Connie sits up tall and actually claps her hands in glee, and the rest of us all immediately go silent, staring towards the back of the room. The woman – Becky the dressmaker, I’m guessing – goes to a long white curtain, and my friend pops her head out from behind it. She sees I am there, grins and nods at me in welcome.

“I thought you might have arrived,” she says. “From the decibel level. Okay, I’m coming out.”

She takes tentative steps towards us, a small but nervous smile on her face. She comes to a stop, and the nervous smile becomes a full-on grimace as we all stare at her.

“Oh no,” she murmurs, looking distraught, “is it that bad?”

Connie immediately leaps to her feet, and the rest of us follow, crowding around her.

“It’s beautiful!” I say, reaching out to touch her but deciding I don’t want to risk messing up the dress. “You’re beautiful! It’s all beautiful!”

“Yeah, what she said!” Connie adds, her eyes swimming with tears. “It really is perfect… we were all just stunned, my love, that’s all.”

Priya, Katie and Rose all start to add their praise, and eventually, Ella laughs, and seems to calm down. She gazes down at her dress, then back up at us, biting her lip.

“It’s not too much? Too young? I mean, I’m not exactly a blushing virgin, am I?”
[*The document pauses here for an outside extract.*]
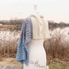 It’s an asymmetrical triangle shawl - With a Twist! The twisted rows add visual texture and interest, and provide the perfect counterpoint to the mindless flat rows. Color blocking adds a modern touch, though the shawl also looks amazing when worked in a single color. Customize the shawl to add twisted rows at any point or to adjust the size!

The gown is white, to be sure, but it is a million miles from being too young. It is, in fact, pure class – made of silk with an overlay of delicate Chantilly lace, an elegant square neckline offset by dainty cap sleeves. The Empire-line waist is accentuated with a silk band and a bow, and the skirt flows down to her currently bare feet.

Ella’s dark blonde hair falls in waves around her now blushing face, and she holds it up to show us what it will look like on the day.
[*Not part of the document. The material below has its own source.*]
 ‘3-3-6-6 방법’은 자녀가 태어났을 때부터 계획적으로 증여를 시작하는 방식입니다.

“I was thinking I’ll have it up,” she says. “My friend Cally – she moved to Starshine recently – she’s a hairdresser and she says she’ll do it for me, and my make-up. I was going to get a spray tan, but I keep remembering that episode of Friends where Ross’s goes wrong and he ends up totally orange… and to be honest, it all feels a bit strange! I’m nervous – not about Jake, I’ve never been more sure about anything before – but about the day, and the dress, and all the stuff I’ll have to do!”

Becky fiddles with one of her sleeves, righting a wrong that nobody else can see, and says: “Well, that’s natural, Ella. All my brides feel like that. But it seems to be like you won’t be doing all that stuff on your own.”

Ella looks up and around, at all of us. At Connie, and Priya, and Katie, and Rose and me. She looks at us all, and presumably likes what she sees.

“I don’t suppose I am,” she concedes, finally managing a real smile. “The gang’s all here!”